Symptoms and tactics of treatment of aplastic anemia

Hypo- or aplastic anemia is a group of pathological conditions in which bone marrow blood formation is inhibited with the development of hypo- or aplasia of the bone marrow in the absence of signs of hemoblastoses. In this case, the hematopoietic tissue is replaced by adipose tissue or connective tissue. The incidence is 3-6 cases per 1 million population. Read the causes, mechanism of development, clinical manifestations and treatment of aplastic anemia in our article.

Causes and mechanism of development of aplastic anemia

Depending on the cells that are the precursors of hematopoiesis, aplastic anemia can be single- or multi-germ (pancytopenia). Depression of hematopoiesis can be acquired and congenital.

In aplastic anemia, several pathogenetic moments are distinguished. Of primary importance is the reduction in the content of stem cells and the presence of an internal defect in them, which is further manifested by the inhibition of all the main germs of hematopoiesis. It is believed that the immunosuppressive effect on early cells - precursors of hematopoiesis plays an important role.

Main causes of aplastic anemia

1. Congenital:

• Schwachman-Diamond syndrome;
• Fanconi anemia;
• congenital dyskeratosis;
• reticular dysgenesis;
• familial aplastic anemia;
• non-hematological syndromes (Dine syndrome).

2. Acquired Causes:

• idiopathic aplastic anemia – accounts for 80% of cases;
• infections (hepatitis, cytomegalovirus, HIV, parvovirus, Epstein-Barr virus);
• toxic effect of chemicals, ionizing radiation;
• toxic effect of drugs (mercasolil, sulfonamides, cytostatics, antibiotics, NSAIDs, antiepileptic drugs);
• immunological disorders (eosinophilic fasciitis, thymoma, SLE, RA, rejection reaction);
• pregnancy.

Clinical picture of the development of aplastic anemia

The disease sometimes begins acutely and progresses at lightning speed, but more often it develops gradually. In the clinical picture of aplastic anemia, 3 syndromes can be distinguished:

• anemic;
• hemorrhagic;
• infectious - toxic (immunodeficiency).

Anemic syndrome is manifested by the development of tachycardia, shortness of breath, the presence of systolic murmur over the area of ​​the heart, pallor of the skin. Infectious - toxic develops against the background of severe granulocytopenia. At the same time, fever and other infectious and toxic complications are present - tonsillitis, otitis media, pneumonia, respiratory tract infections.
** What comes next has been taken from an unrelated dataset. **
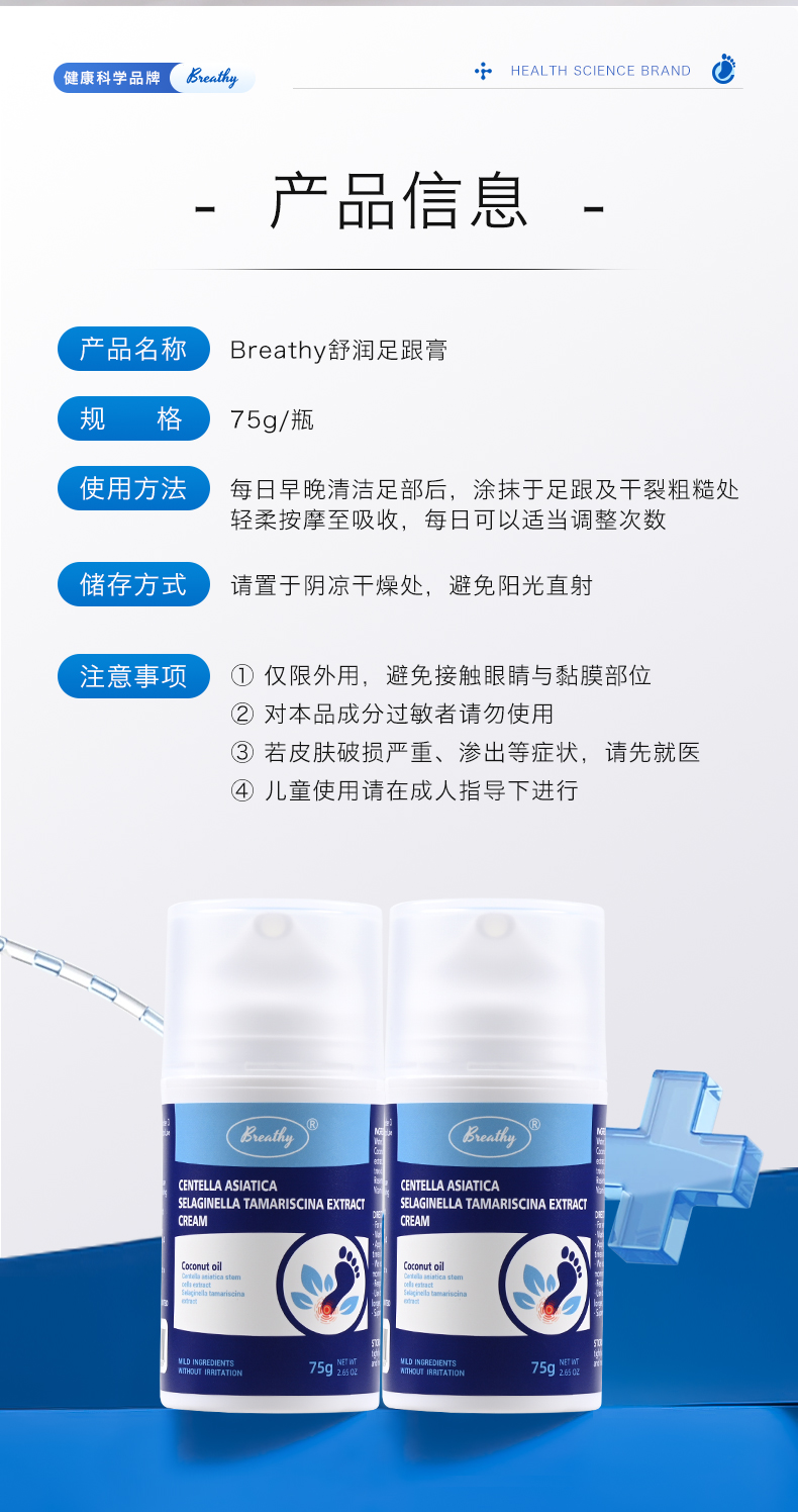 【温和润护】布雷辛Breathy舒润足跟修护膏 呵护双脚 干裂/死皮/老茧一键重启 75g/瓶

Due to thrombocytopenia, hemorrhagic syndrome develops – petechiae, ecchymosis appear on the skin, uterine and nosebleeds develop. Blood tests show pancytopenia and elevated erythrocyte sedimentation rate. Crucial in diagnosing aplastic anemia is sternal puncture (morphological examination) and trepanobiopsy (histological examination). They reveal the inhibition of all hematopoietic germs and the replacement of hematopoietic tissue with adipose tissue.

What are the aspects of aplastic anemia treatment?
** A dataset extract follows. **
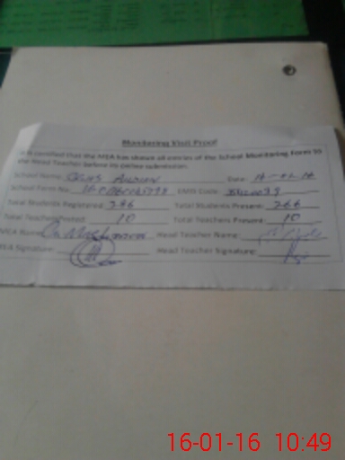 | Attendance Register | Head Teacher | MEA with School | Visit Proof |

Therapy is prescribed depending on the form of aplastic anemia. With mild forms, a known etiological factor, as well as with information about the gradual resumption of hematopoiesis, the most important is the regime that prevents the occurrence of infectious complications. Of the drugs, anabolic drugs are recommended.

In severe forms of aplastic anemia, when the number of reticulocytes in the blood is less than 0.5x10⁹/l, and platelets are less than 20x10⁹/l, the main treatment is allogeneic bone marrow transplantation which is histologically compatible. Timely transplantation cures 85% of patients, especially those under the age of 30.
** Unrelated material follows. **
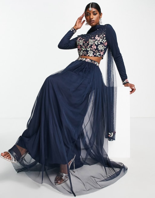 Maya - Lehenga - Crop top, sciarpa e gonna lunga elegante blu navy con decorazioni

If allogeneic bone marrow transplantation is not possible, the only treatment for aplastic anemia is long-term immunosuppressive treatment (immunoablation). Such treatment should begin as soon as possible. Anti-lymphocyte immunoglobulin, prednisolone and cyclosporine A are prescribed.

In the case of severe granulocytopenia, it is necessary to provide the patient with aseptic conditions (boxing chambers, isolation from others, decontamination of the intestine), prescribe broad-spectrum antibiotics. With severe anemia, an erythrocyte mass is used, with thrombocytopenia and hemorrhagic syndrome – platelet concentrate.